Questions: Introduction to the Distributive Property
5 questions to test your understanding
Score: 0 / 5
Question 1 Multiple Choice
A student solves 6 × (10 + 4) by writing: 6 × 10 + 4 = 64. What error did she make?
AShe should have subtracted 4 instead of adding at the end
BShe correctly distributed 6 to 10, but forgot to also multiply 6 by 4
CShe should have added 10 + 4 first to get 14, then multiplied 6 × 14
DShe applied the wrong property; this requires the commutative property
The student distributed 6 to the first addend (10) but left the second addend (4) unchanged instead of multiplying it by 6. The correct application is 6 × 10 + 6 × 4 = 60 + 24 = 84. This is the most common distributive property error: the outside multiplier must reach every term inside the parentheses, not just the first one.
Question 2 Multiple Choice
An area model for 8 × 15 splits the rectangle into an 8-by-10 and an 8-by-5 section. Which equation does this model represent?
A8 × 15 = 8 × 10 + 5
B8 × 15 = (8 + 10) × (8 + 5)
C8 × 15 = 8 × 10 + 8 × 5
D8 × 15 = 8 + 10 × 8 + 5
The area model splits the large rectangle (8 × 15) into two smaller rectangles: one with dimensions 8 × 10 and one with 8 × 5. The total area is the sum of the two parts: 80 + 40 = 120. This matches a × (b + c) = a × b + a × c, where a = 8, b = 10, c = 5. Option A shows the classic error of distributing only to the first term.
Question 3 True / False
The distributive property allows you to break one multiplication problem into two easier ones, as long as the two parts you use add back up to the original number.
TTrue
FFalse
Answer: True
This is precisely the property's power: you can decompose one factor into any sum (e.g., 14 = 10 + 4, or 14 = 7 + 7, or 14 = 12 + 2), multiply each part by the outside number, and add the results. The only requirement is that the parts sum to the original factor.
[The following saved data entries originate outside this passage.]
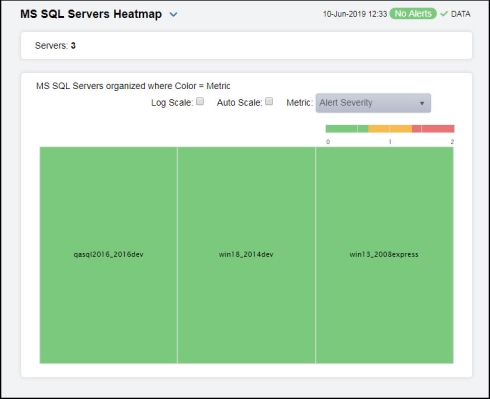 | • | MS SQL Servers Heatmap: Opens the MS SQL Servers Heatmap display, which provides a heatmap view of all MS SQL servers and their associated metrics. |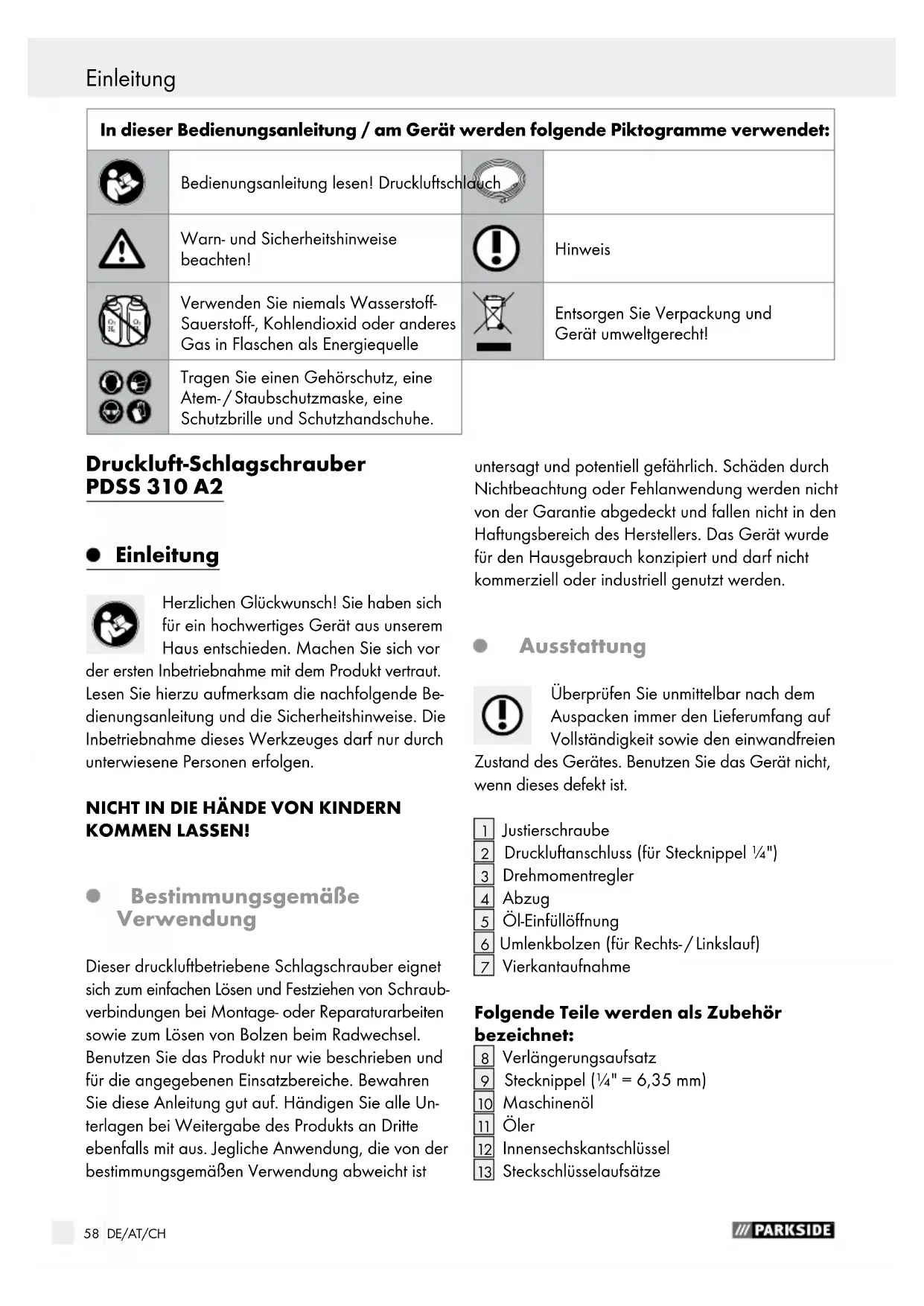 St. Ingbert, 30.04.2016 i.o. Daniel Havener56 Inhaltsverzeichnis57 DE/AT/CH Einleitung ......................................................................................................................................... Seite 58 Bestimmungsgemäße Verwendung ....................................................................................................Seite 58 Ausstattung ..........................................................................................................................................Seite 58 Technische Daten ................................................................................................................................Seite 59 Sicherheitshinweise für Druckluftwerkzeuge ..................................................Seite 59 Gefährdungen durch herausgeschleuderte Teile .............................................................................. Seite 61 Gefährdungen durch Erfassen / Aufwickeln ...................................................................................... Seite 61 Gefährdungen im Betrieb ................................................................................................................... Seite 62 Gefährdungen durch wiederholte Bewegungen ..............................................................................Seite 62 Gefährdungen durch Zubehörteile ....................................................................................................Seite 62 Gefährdungen am Arbeitsplatz .........................................................................................................Seite 63 Gefährdungen durch Staub und Dämpfe ..........................................................................................Seite 63 Gefährdungen durch Lärm .................................................................................................................Seite 63 Gefährdungen durch Schwingungen.................................................................................................Seite 64 Zusätzliche Sicherheitsan weisungen für pneumatische Maschinen .................................................Seite 64 Inbetriebnahme ......................................................................................................................... Seite 64 Steckschlüsselaufsätze oder Bit einsetzen .........................................................................................Seite 64 Anschlüsse vornehmen ........................................................................................................................Seite 65 Druckluft einstellen ..............................................................................................................................Seite 65 Drehmoment einstellen ........................................................................................................................Seite 65 In Betrieb nehmen ...............................................................................................................................Seite 65 Drehrichtung ändern ...........................................................................................................................Seite 66 Gerät richtig halten .............................................................................................................................Seite 66 Nach der Inbetriebnahme ................................................................................................Seite 66 Wartung ...........................................................................................................................................Seite 66 Reinigung und Pflege ............................................................................................................Seite 67 Fehlerbehebung ........................................................................................................................Seite 67 Hinweise zu Garantie und Serviceabwicklung ..............................................Seite 68 Garantiebedingungen ........................................................................................................................Seite 68 Garantieumfang .................................................................................................................................. Seite 68 Abwicklung im Garantiefall ................................................................................................................Seite 68 Umwelthinweise und Entsorgungsangaben ..................................................... Seite 69 EG-Konformitätserklärung ............................................................................................... Seite 69 Inhaltsverzeichnis58 DE/AT/CH Druckluft-Schlagschrauber PDSS 310 A2 Einleitung Herzlichen Glückwunsch! Sie haben sich für ein hochwertiges Gerät aus unserem Haus entschieden. Machen Sie sich vor der ersten Inbetriebnahme mit dem Produkt vertraut. Lesen Sie hierzu aufmerksam die nachfolgende Be- dienungsanleitung und die Sicherheitshinweise. Die Inbetriebnahme dieses Werkzeuges darf nur durch unterwiesene Personen erfolgen. NICHT IN DIE HÄNDE VON KINDERN KOMMEN LASSEN! Bestimmungsgemäße Verwendung Dieser druckluftbetriebene Schlagschrauber eignet sich zum einfachen Lösen und Festziehen von Schraub- verbindungen bei Montage- oder Reparaturarbeiten sowie zum Lösen von Bolzen beim Radwechsel. Benutzen Sie das Produkt nur wie beschrieben und für die angegebenen Einsatzbereiche. Bewahren Sie diese Anleitung gut auf. Händigen Sie alle Un- terlagen bei Weitergabe des Produkts an Dritte ebenfalls mit aus. Jegliche Anwendung, die von der bestimmungsgemäßen Verwendung abweicht ist untersagt und potentiell gefährlich. Schäden durch Nichtbeachtung oder Fehlanwendung werden nicht von der Garantie abgedeckt und fallen nicht in den Haftungsbereich des Herstellers. Das Gerät wurde für den Hausgebrauch konzipiert und darf nicht kommerziell oder ind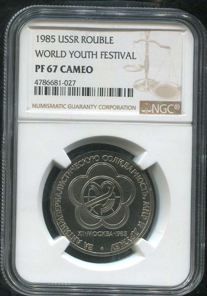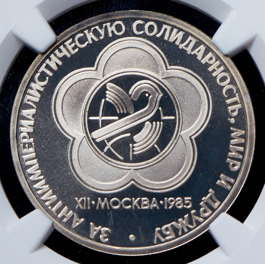 Рубль 1985 "XII Всемирный фестиваль молодежи и студентов в Москве" (в слабе)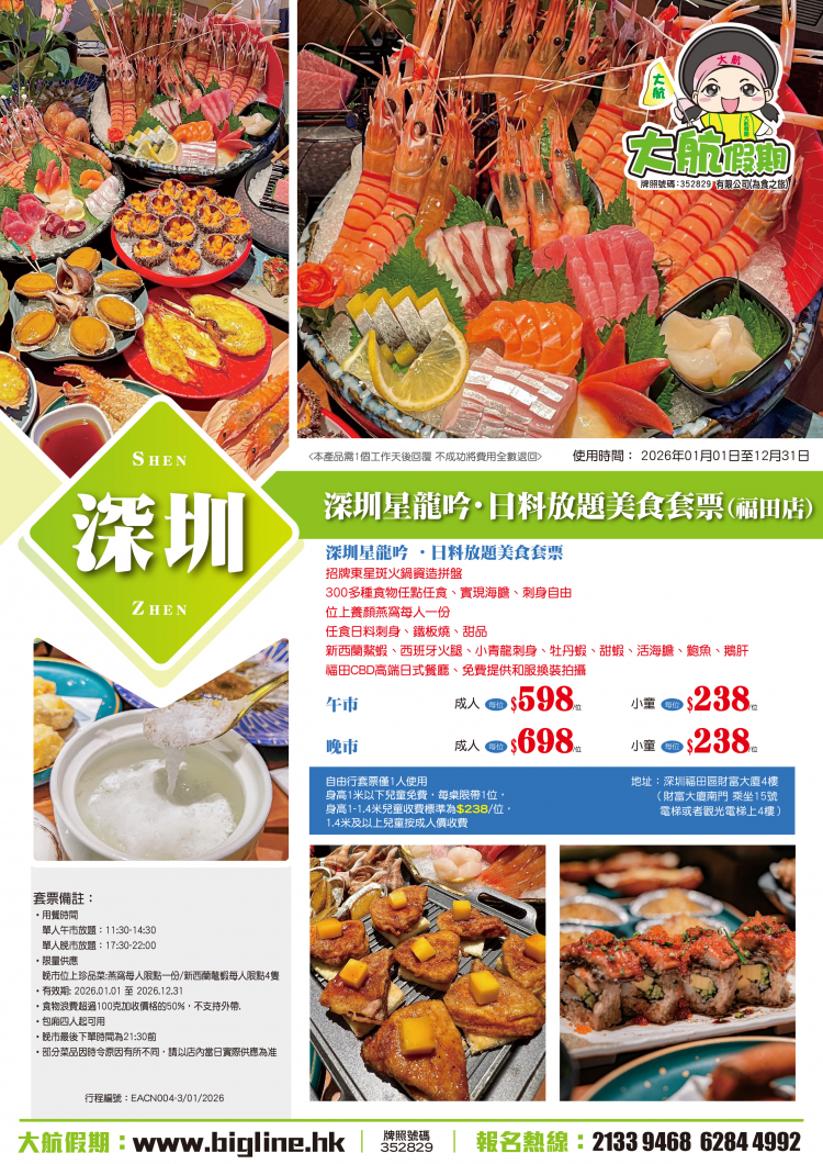 5.套票僅1人使用,身高1米以下兒童免費,每桌限帶1位,身高1-1.4米兒童收費標準為$238/位,1.4米及以上兒童按成人價收費.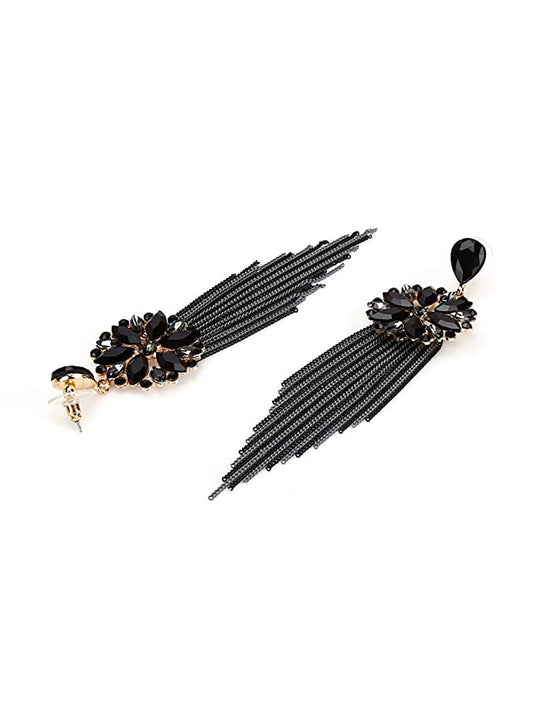 Danglers Earrings for Women Black Crystal Earrings Long Chains Tassel Danglers Earrings for Women and Girls.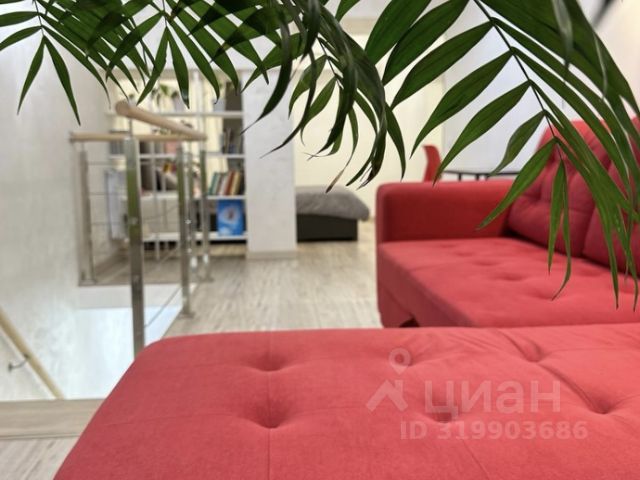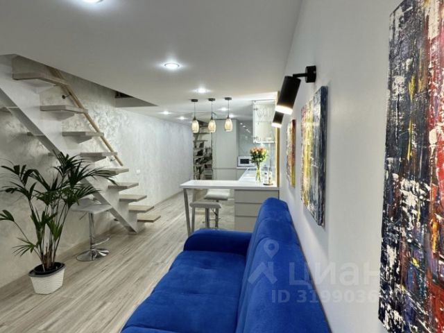 Помещение зонировано антрессолью. На первом этаже расположена входная зона с местами хранения, санузел со стиральной машиной, просторная большая кухня, со всей необходимой техникой, в том числе посудомоечной машиной. А также здесь Вы найдете ТВ-зону с двумя окнами, расположенными одно над другим, что визуально выглядит как огромное панорамное окно высотой под 5 метров. Создается ощущение, что Вы находитесь не в многоквартирном здании, а в частном доме. Тут же поместился большой телевизор и уютный диван.
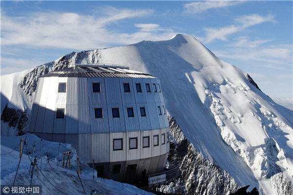 2012年8月6日消息(具體拍攝時間不詳),法國圣熱爾維,一座坐落在阿爾卑斯山脈上海拔3835米的旅館近日落成,旅館目前處于試運行狀態(tài)直到8月底向公眾開放。這座旅館共有120個床位,達到了高環(huán)境質(zhì)量標準。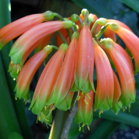 ROBUSTA:Clivia robusta in general occurs in the more marshy or swampy sections of our country. Plants are usually between 1200 and 1800 mm in height, with 10-20 light green leaves .These leaves are between 40 to 125 mm wide and 1200 to 1800 mm long, narrowing to a slightly rounded point. The orange-red pendulous flowers with pronounced green tips vary in colours from baby pink to deep red and are similar to Clivia gardenii . Yellow, yellow to peach and apricot forms do occur occasionally. The flowering season is from May to July, with some plants already setting seed while new buds are forming.
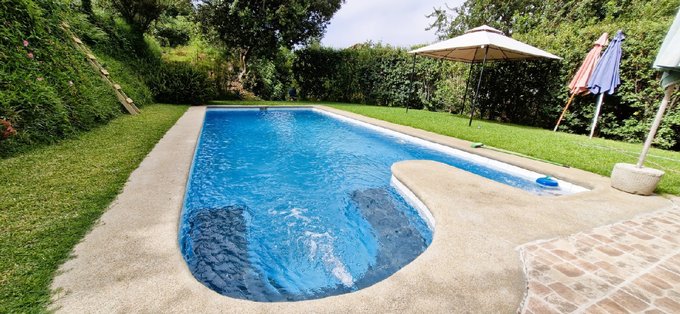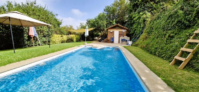 El terreno está ubicado en una loma, por lo tanto es una parcela con declive, que cuenta con dos explanadas, una con un gran quincho de 50 m2., de albañilería afinada y otra con una piscina de 12 m. x 4 m. y otras terrazas en la ladera, en donde se ubica gran variedad de árboles frutales y ornamentales.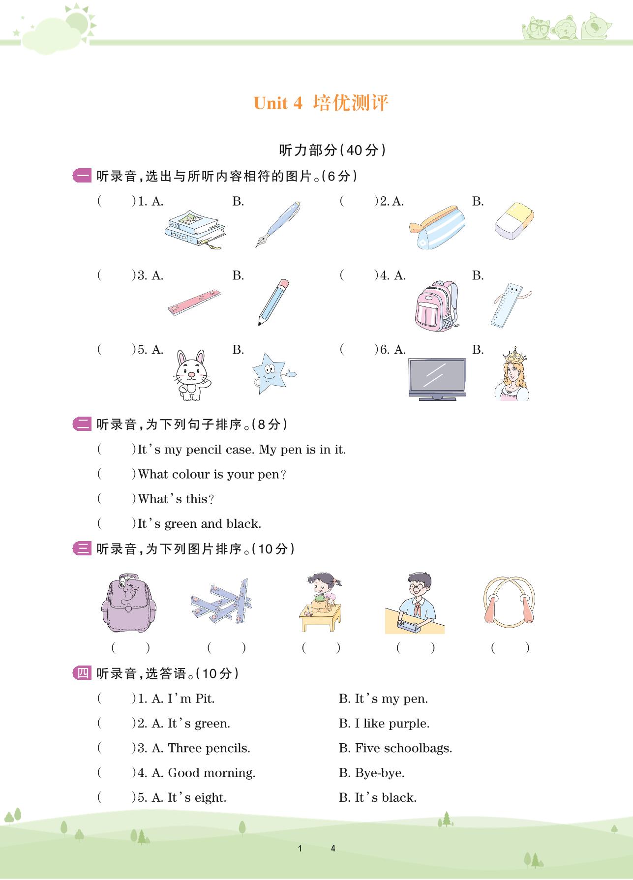 2020上册三年级英语剑桥版 Unit 4 培优测评

Each valid decomposition produces the same correct answer.
Question 4 True / False
In the expression 5 × (20 + 3), you mainly need to multiply 5 by 20, because 3 is just added at the end anyway.
TTrue
FFalse
Answer: False
The 3 must also be multiplied by 5. The correct expansion is 5 × 20 + 5 × 3 = 100 + 15 = 115. Treating 5 × (20 + 3) as 5 × 20 + 3 = 103 is a common error that undercounts by 12. Every term inside the parentheses must receive the outside multiplier — think of it as 5 groups of (20 + 3): every group contains both a 20 and a 3.
Question 5 Short Answer
Use an equal-groups story to explain why the distributive property requires multiplying the outside number by every term inside the parentheses, not just the first one.
Think about your answer, then reveal below.
Model answer: Imagine 4 bags, and each bag contains 10 apples and 3 oranges. The total fruit is 4 × (10 + 3). To count all the fruit, you need 4 groups of apples (4 × 10 = 40) AND 4 groups of oranges (4 × 3 = 12). If you only multiplied 4 by the apples and just added 3 for the oranges, you'd have 43 instead of 52 — missing 9 oranges. Every group has all the parts, so every part must be multiplied by the number of groups: 40 + 12 = 52.
The equal-groups story makes the necessity of full distribution concrete. Each of the 4 groups contains both a 10-piece and a 3-piece; the outside multiplier (4) belongs to every element in every group. Partial distribution is like counting only some of the items in each group.